7Tandis que le roman de Fielding valorise la stabilité symbolique et le code de conduite traditionnellement associés à la possession de richesse foncière, il met également en scène la crise des valeurs inhérente à la reconceptualisation de la notion de propriété (property), non plus uniquement liée à la possession de terres, mais à de nouveaux objets de consommation relevant de la sphère marchande : or, au lieu d’incarner le statut social, ces derniers ne peuvent que manifester une position socio–économique coupée du code des valeurs ancestrales, dans une économie tournée vers les liquidités, de plus en plus difficile à déchiffrer. Cette transformation, synonyme de déstabilisation, préoccupe également Smith, d’où le recours dans ses écrits à la figure du spectateur impartial pour incarner une nécessaire conscience, que ce soit sur le plan de la morale ou de l’esthétique, et ainsi permettre au lecteur de participer plus activement à l’évaluation critique du concept de valeur. Fielding et Smith, dont les œuvres respectives explorent minutieusement les motivations qui sous–tendent les choix et les actions humaines, valorisent tous deux l’impératif de prudence et témoignent de la même méfiance envers le paradigme commercial. L’homo œconomicus qui se dessine à travers leurs écrits apparaît non plus simplement comme un individu rationnel mû par l’intérêt personnel, mais comme une figure plus complexe, heureusement dotée d’une imagination empathique lui permettant de s’identifier à ses semblables et d’exercer son esprit critique. Si les œuvres respectives de Fielding et de Smith participent à la séparation générique entre économie politique et littérature romanesque, ces deux auteurs partagent cependant une même volonté de faire appel à l’intelligence de leurs lecteurs pour en faire des agents économiques capables de déchiffrer, pour mieux les affronter, les mutations économiques majeures dont ils sont témoins.

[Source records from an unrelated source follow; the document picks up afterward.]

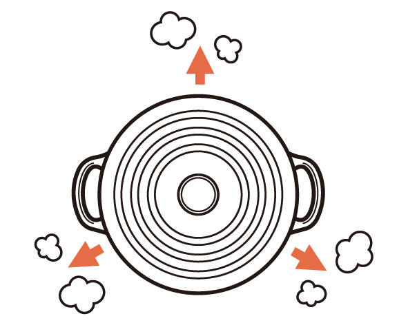 フタの3カ所にある突起からうまれる隙間から、ゆっくり均一に蒸気が抜けることで、旨みが凝縮されます。また、蒸気が適度に抜けることにより、吹きこぼれしにくい安全設計です。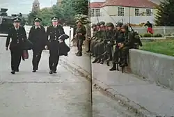 81. ^ "The Royal Marines were allowed, 10 at a time, to return to Moody Brook under supervision and were given ten minutes to pack non-service kit." This Week's Globe & Laurel – July/August 1982 Archived 28 March 2019 at the Wayback Machine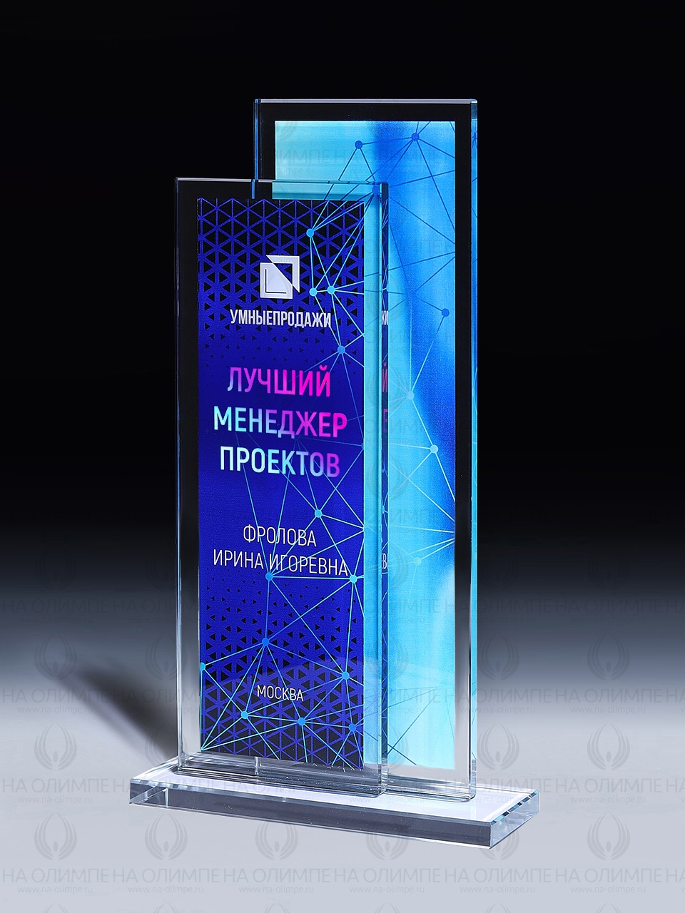 Закажите к награде дополнительно стеклянную медаль. Получится красивый солидный комплект!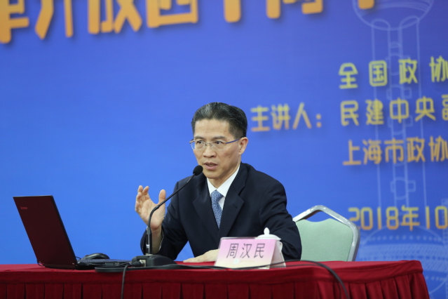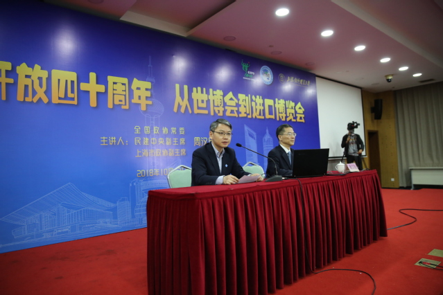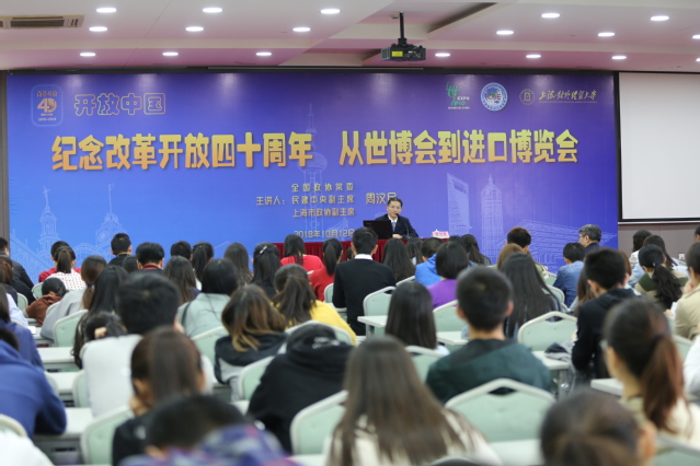 1012日下午,马克思主义学院《开放中国》课程开课,邀请了全国政协常委、民建中央副主席、上海市政协副主席、杰出校友周汉民教授,为学生作了题为《纪念改革开放四十周年从世博会到进口博览会》的首场授课。校党委副书记、副校长祁明主持讲座

8C’est, logiquement, vers Jane Austen que Comyn se tourne ensuite pour comprendre l’évolution des représentations de l’homo œconomicus dans un contexte de frénésie spéculative, telle qu’elle est ébauchée dans Sanditon, dernier manuscrit de la romancière, laissé inachevé à sa mort en 1817. Dans ce fragment qui se démarque radicalement de ses autres romans, mais qui fait désormais partie intégrante du canon tant il en renouvelle l’interprétation, Austen s’intéresse à la transformation fulgurante du paisible village de pêcheurs de Sanditon en station balnéaire à la dernière mode. Déterminés à investir leur fortune dans une économie fondée sur l’air (marin) et les bains de mer pour soigner toutes les maladies imaginables, voire celles qui ne sont qu’imaginaires, les membres vaniteux de la famille Parker deviennent la cible privilégiée de la satire austenienne. Car c’est bien d’herméneutique, littéraire et économique, mais aussi de fiction, y compris dans le sens de maladie fictive et d’hypocondrie, dont il s’agit également dans ce fragment au sens à jamais en suspens, où circulent ironiquement mélectures et fausses interprétations. Dans le chapitre de son étude intitulé « The Speculative World of Sanditon », Comyn relie ces thématiques au contexte financier de l’époque, marqué par l’instabilité monétaire depuis la suspension de la convertibilité en or des billets de la Banque d’Angleterre, actée en 1797 par le Bank Restriction Act – mais qui devait perdurer jusqu’en 1821 – et par l’inflation galopante pendant les guerres napoléoniennes. Comyn s’appuie sur l’analyse incontournable de Mary Poovey dans Genres of the Credit Economy (2008) pour évoquer les conséquences en chaîne que cette suspension de la convertibilité ne pouvait manquer d’entraîner, en termes de représentation, de dévaluation et de dépréciation générale des promesses et des valeurs, dans une économie tournée vers les séductions destructrices de la spéculation financière. Sanditon, explique Comyn, prend acte de ces mutations économiques qui transformaient l’économie britannique tout en reconfigurant la notion même de valeur, ici coupée de toute considération morale.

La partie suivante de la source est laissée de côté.